▶ **What needs to be done**: Every word of the data below has to be copied faithfully.

▶ **Extracted material**:
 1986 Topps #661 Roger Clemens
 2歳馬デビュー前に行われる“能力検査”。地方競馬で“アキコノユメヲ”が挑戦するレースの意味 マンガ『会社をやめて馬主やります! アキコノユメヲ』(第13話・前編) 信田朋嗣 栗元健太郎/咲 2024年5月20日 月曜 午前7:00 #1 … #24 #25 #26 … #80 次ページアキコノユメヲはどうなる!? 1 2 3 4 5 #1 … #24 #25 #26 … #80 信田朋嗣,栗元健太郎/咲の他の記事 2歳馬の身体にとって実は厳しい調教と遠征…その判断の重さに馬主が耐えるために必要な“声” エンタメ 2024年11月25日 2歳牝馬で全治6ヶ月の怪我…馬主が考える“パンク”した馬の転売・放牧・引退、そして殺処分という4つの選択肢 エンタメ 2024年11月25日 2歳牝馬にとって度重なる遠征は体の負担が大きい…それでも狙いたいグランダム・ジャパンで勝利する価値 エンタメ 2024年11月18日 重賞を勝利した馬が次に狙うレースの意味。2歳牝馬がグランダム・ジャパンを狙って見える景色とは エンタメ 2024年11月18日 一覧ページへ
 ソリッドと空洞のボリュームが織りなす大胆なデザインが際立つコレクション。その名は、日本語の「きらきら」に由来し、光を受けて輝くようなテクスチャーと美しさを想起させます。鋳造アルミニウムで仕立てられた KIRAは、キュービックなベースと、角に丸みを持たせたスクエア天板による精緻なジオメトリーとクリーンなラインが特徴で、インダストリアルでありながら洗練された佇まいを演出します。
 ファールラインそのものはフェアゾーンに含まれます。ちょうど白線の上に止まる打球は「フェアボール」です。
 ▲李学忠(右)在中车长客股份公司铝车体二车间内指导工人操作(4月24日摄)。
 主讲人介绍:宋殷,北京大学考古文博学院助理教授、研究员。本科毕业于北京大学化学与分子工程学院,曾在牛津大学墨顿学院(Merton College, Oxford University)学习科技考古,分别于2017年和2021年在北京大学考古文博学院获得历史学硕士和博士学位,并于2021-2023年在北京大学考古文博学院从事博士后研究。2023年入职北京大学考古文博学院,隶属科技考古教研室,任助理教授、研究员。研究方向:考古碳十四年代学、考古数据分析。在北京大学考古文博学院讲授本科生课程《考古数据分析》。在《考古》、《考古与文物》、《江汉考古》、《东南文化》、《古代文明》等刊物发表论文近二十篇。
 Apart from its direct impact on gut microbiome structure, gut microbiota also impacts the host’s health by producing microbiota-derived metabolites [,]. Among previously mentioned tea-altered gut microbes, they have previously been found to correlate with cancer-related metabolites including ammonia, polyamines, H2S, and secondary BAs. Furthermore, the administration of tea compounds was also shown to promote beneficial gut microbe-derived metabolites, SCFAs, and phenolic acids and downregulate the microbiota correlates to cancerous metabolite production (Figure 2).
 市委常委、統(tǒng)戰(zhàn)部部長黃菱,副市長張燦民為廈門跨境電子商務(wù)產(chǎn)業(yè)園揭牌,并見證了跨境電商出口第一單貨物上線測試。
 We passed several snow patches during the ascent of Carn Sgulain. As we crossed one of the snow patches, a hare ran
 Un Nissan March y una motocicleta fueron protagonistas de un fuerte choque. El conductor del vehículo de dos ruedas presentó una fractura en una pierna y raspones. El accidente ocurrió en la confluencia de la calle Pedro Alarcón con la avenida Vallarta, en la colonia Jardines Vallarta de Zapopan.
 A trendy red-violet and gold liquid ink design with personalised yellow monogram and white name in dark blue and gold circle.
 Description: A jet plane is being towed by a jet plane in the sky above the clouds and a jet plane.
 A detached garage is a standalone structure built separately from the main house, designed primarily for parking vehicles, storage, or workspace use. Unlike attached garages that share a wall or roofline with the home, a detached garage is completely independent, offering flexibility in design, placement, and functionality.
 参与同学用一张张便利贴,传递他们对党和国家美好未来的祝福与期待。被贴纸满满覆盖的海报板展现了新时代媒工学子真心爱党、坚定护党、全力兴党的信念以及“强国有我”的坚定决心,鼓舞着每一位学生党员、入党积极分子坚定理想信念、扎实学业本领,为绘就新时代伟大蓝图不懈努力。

▶ **Result of the exercise**:
 1986 Topps #661 Roger Clemens
 2歳馬デビュー前に行われる“能力検査”。地方競馬で“アキコノユメヲ”が挑戦するレースの意味 マンガ『会社をやめて馬主やります! アキコノユメヲ』(第13話・前編) 信田朋嗣 栗元健太郎/咲 2024年5月20日 月曜 午前7:00 #1 … #24 #25 #26 … #80 次ページアキコノユメヲはどうなる!? 1 2 3 4 5 #1 … #24 #25 #26 … #80 信田朋嗣,栗元健太郎/咲の他の記事 2歳馬の身体にとって実は厳しい調教と遠征…その判断の重さに馬主が耐えるために必要な“声” エンタメ 2024年11月25日 2歳牝馬で全治6ヶ月の怪我…馬主が考える“パンク”した馬の転売・放牧・引退、そして殺処分という4つの選択肢 エンタメ 2024年11月25日 2歳牝馬にとって度重なる遠征は体の負担が大きい…それでも狙いたいグランダム・ジャパンで勝利する価値 エンタメ 2024年11月18日 重賞を勝利した馬が次に狙うレースの意味。2歳牝馬がグランダム・ジャパンを狙って見える景色とは エンタメ 2024年11月18日 一覧ページへ
 ソリッドと空洞のボリュームが織りなす大胆なデザインが際立つコレクション。その名は、日本語の「きらきら」に由来し、光を受けて輝くようなテクスチャーと美しさを想起させます。鋳造アルミニウムで仕立てられた KIRAは、キュービックなベースと、角に丸みを持たせたスクエア天板による精緻なジオメトリーとクリーンなラインが特徴で、インダストリアルでありながら洗練された佇まいを演出します。
 ファールラインそのものはフェアゾーンに含まれます。ちょうど白線の上に止まる打球は「フェアボール」です。
 ▲李学忠(右)在中车长客股份公司铝车体二车间内指导工人操作(4月24日摄)。
 主讲人介绍:宋殷,北京大学考古文博学院助理教授、研究员。本科毕业于北京大学化学与分子工程学院,曾在牛津大学墨顿学院(Merton College, Oxford University)学习科技考古,分别于2017年和2021年在北京大学考古文博学院获得历史学硕士和博士学位,并于2021-2023年在北京大学考古文博学院从事博士后研究。2023年入职北京大学考古文博学院,隶属科技考古教研室,任助理教授、研究员。研究方向:考古碳十四年代学、考古数据分析。在北京大学考古文博学院讲授本科生课程《考古数据分析》。在《考古》、《考古与文物》、《江汉考古》、《东南文化》、《古代文明》等刊物发表论文近二十篇。
 Apart from its direct impact on gut microbiome structure, gut microbiota also impacts the host’s health by producing microbiota-derived metabolites [,]. Among previously mentioned tea-altered gut microbes, they have previously been found to correlate with cancer-related metabolites including ammonia, polyamines, H2S, and secondary BAs. Furthermore, the administration of tea compounds was also shown to promote beneficial gut microbe-derived metabolites, SCFAs, and phenolic acids and downregulate the microbiota correlates to cancerous metabolite production (Figure 2).
 市委常委、統(tǒng)戰(zhàn)部部長黃菱,副市長張燦民為廈門跨境電子商務(wù)產(chǎn)業(yè)園揭牌,并見證了跨境電商出口第一單貨物上線測試。
 We passed several snow patches during the ascent of Carn Sgulain. As we crossed one of the snow patches, a hare ran
 Un Nissan March y una motocicleta fueron protagonistas de un fuerte choque. El conductor del vehículo de dos ruedas presentó una fractura en una pierna y raspones. El accidente ocurrió en la confluencia de la calle Pedro Alarcón con la avenida Vallarta, en la colonia Jardines Vallarta de Zapopan.
 A trendy red-violet and gold liquid ink design with personalised yellow monogram and white name in dark blue and gold circle.
 Description: A jet plane is being towed by a jet plane in the sky above the clouds and a jet plane.
 A detached garage is a standalone structure built separately from the main house, designed primarily for parking vehicles, storage, or workspace use. Unlike attached garages that share a wall or roofline with the home, a detached garage is completely independent, offering flexibility in design, placement, and functionality.
 参与同学用一张张便利贴,传递他们对党和国家美好未来的祝福与期待。被贴纸满满覆盖的海报板展现了新时代媒工学子真心爱党、坚定护党、全力兴党的信念以及“强国有我”的坚定决心,鼓舞着每一位学生党员、入党积极分子坚定理想信念、扎实学业本领,为绘就新时代伟大蓝图不懈努力。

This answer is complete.